- [WHAT IS NEEDED] Could you write out the records below exactly as they appear, leaving out any pictures?

- [DATA RECORDS]
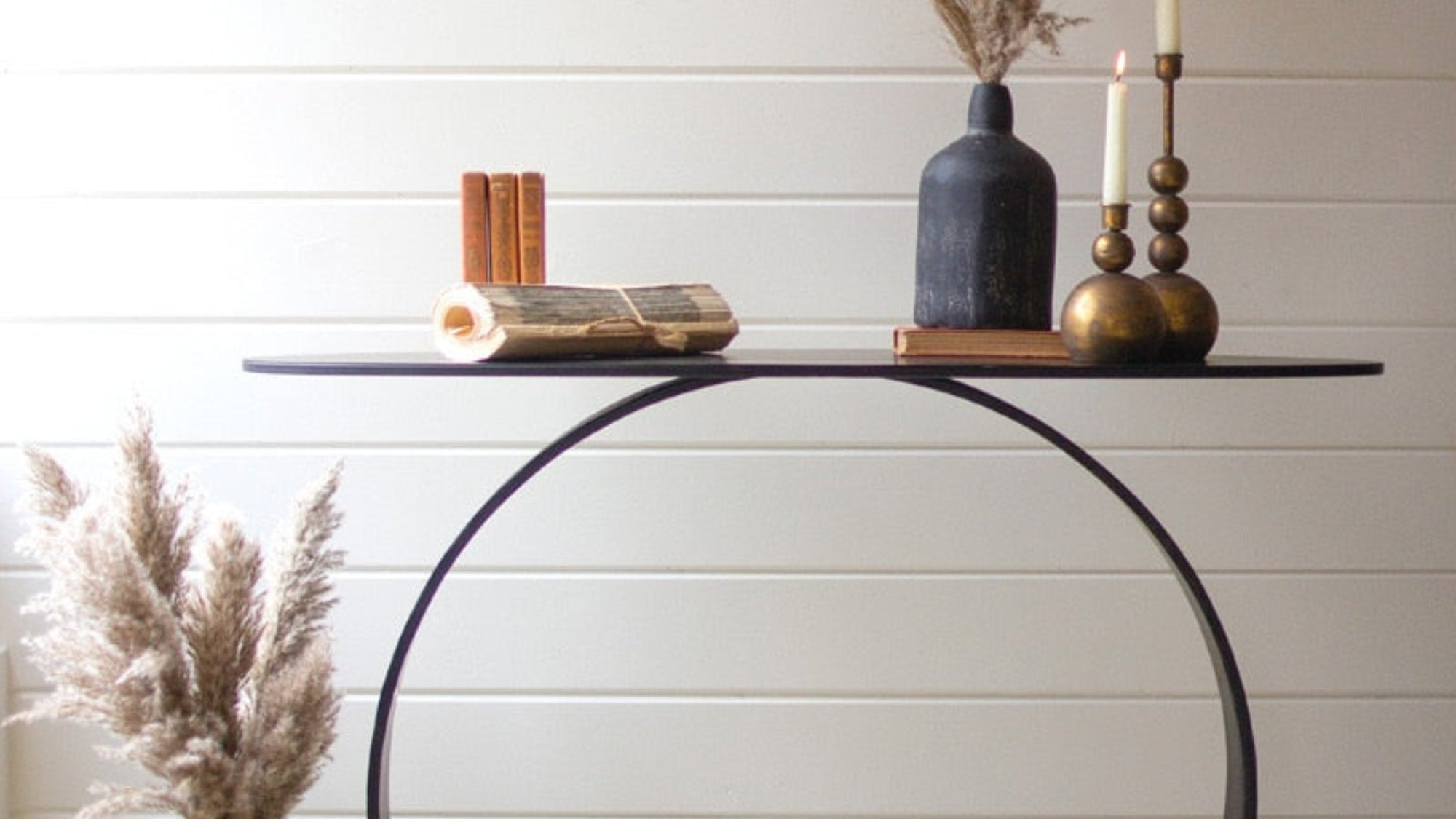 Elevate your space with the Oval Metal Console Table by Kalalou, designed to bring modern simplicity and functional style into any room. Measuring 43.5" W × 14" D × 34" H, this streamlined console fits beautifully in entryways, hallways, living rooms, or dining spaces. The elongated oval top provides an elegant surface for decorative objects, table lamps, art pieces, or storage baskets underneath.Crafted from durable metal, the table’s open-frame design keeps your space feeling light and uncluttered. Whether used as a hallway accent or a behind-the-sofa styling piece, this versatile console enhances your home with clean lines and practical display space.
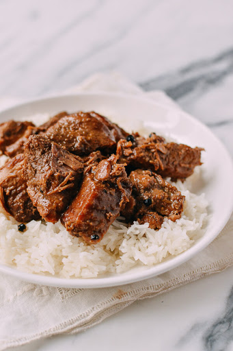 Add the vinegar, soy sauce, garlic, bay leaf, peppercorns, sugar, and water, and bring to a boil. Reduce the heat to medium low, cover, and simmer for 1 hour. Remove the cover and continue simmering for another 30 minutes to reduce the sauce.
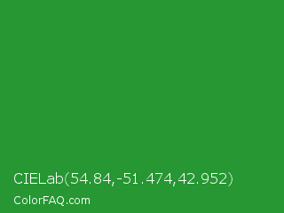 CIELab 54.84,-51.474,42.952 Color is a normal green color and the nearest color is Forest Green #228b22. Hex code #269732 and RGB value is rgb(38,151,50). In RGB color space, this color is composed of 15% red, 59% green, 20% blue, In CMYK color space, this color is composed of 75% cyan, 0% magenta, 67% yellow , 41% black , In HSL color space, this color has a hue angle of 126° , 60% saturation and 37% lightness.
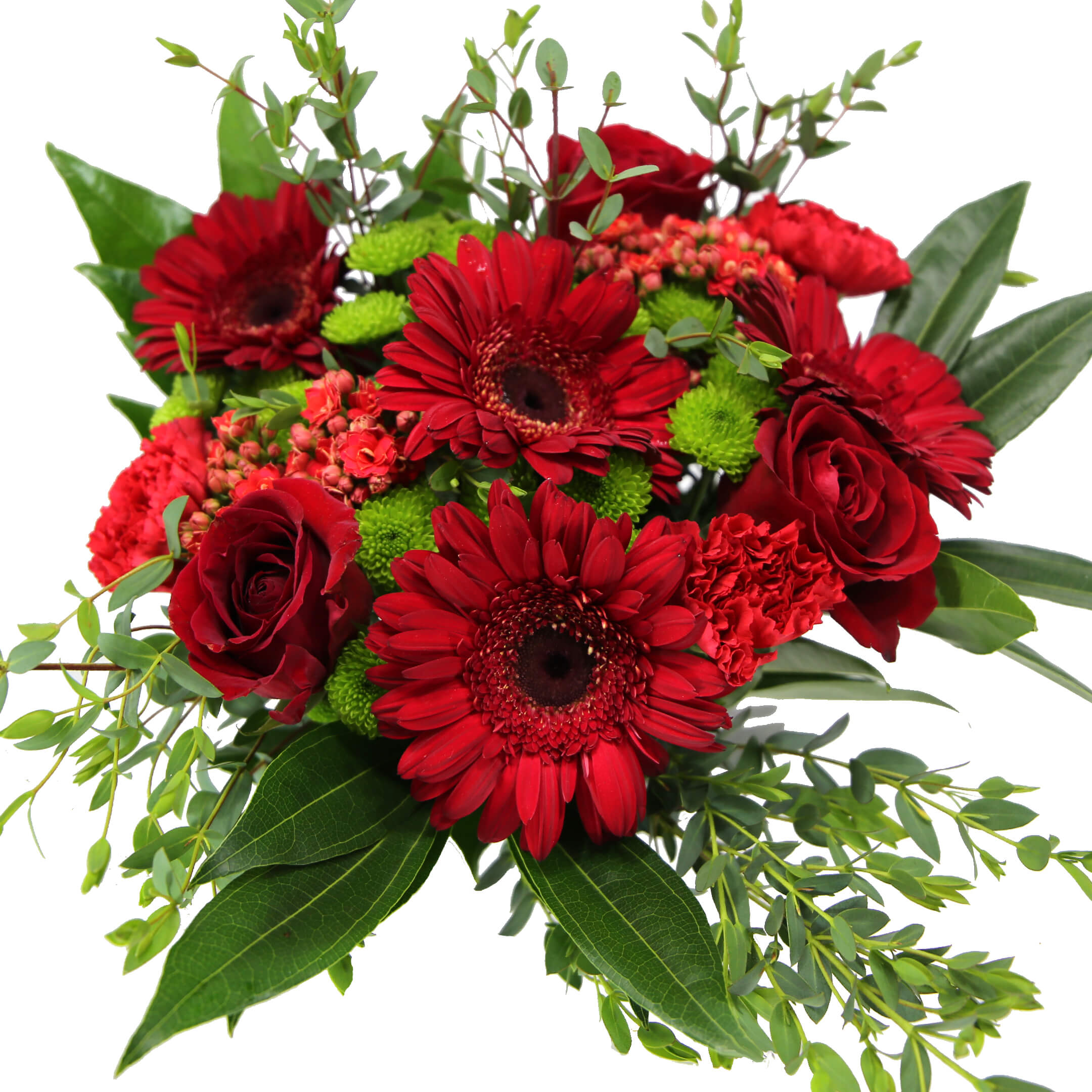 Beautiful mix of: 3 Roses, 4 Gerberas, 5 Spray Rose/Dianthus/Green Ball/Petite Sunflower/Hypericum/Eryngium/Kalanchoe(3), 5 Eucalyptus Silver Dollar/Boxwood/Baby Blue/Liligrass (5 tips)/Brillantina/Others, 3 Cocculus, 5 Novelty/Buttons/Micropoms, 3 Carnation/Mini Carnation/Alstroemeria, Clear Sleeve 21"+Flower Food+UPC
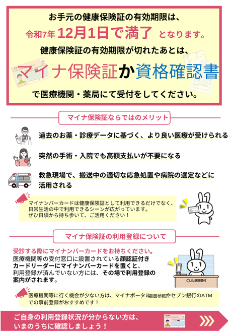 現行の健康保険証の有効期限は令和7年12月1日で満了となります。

- [TASK SOLUTION]
 Elevate your space with the Oval Metal Console Table by Kalalou, designed to bring modern simplicity and functional style into any room. Measuring 43.5" W × 14" D × 34" H, this streamlined console fits beautifully in entryways, hallways, living rooms, or dining spaces. The elongated oval top provides an elegant surface for decorative objects, table lamps, art pieces, or storage baskets underneath.Crafted from durable metal, the table’s open-frame design keeps your space feeling light and uncluttered. Whether used as a hallway accent or a behind-the-sofa styling piece, this versatile console enhances your home with clean lines and practical display space.
 Add the vinegar, soy sauce, garlic, bay leaf, peppercorns, sugar, and water, and bring to a boil. Reduce the heat to medium low, cover, and simmer for 1 hour. Remove the cover and continue simmering for another 30 minutes to reduce the sauce.
 CIELab 54.84,-51.474,42.952 Color is a normal green color and the nearest color is Forest Green #228b22. Hex code #269732 and RGB value is rgb(38,151,50). In RGB color space, this color is composed of 15% red, 59% green, 20% blue, In CMYK color space, this color is composed of 75% cyan, 0% magenta, 67% yellow , 41% black , In HSL color space, this color has a hue angle of 126° , 60% saturation and 37% lightness.
 Beautiful mix of: 3 Roses, 4 Gerberas, 5 Spray Rose/Dianthus/Green Ball/Petite Sunflower/Hypericum/Eryngium/Kalanchoe(3), 5 Eucalyptus Silver Dollar/Boxwood/Baby Blue/Liligrass (5 tips)/Brillantina/Others, 3 Cocculus, 5 Novelty/Buttons/Micropoms, 3 Carnation/Mini Carnation/Alstroemeria, Clear Sleeve 21"+Flower Food+UPC
 現行の健康保険証の有効期限は令和7年12月1日で満了となります。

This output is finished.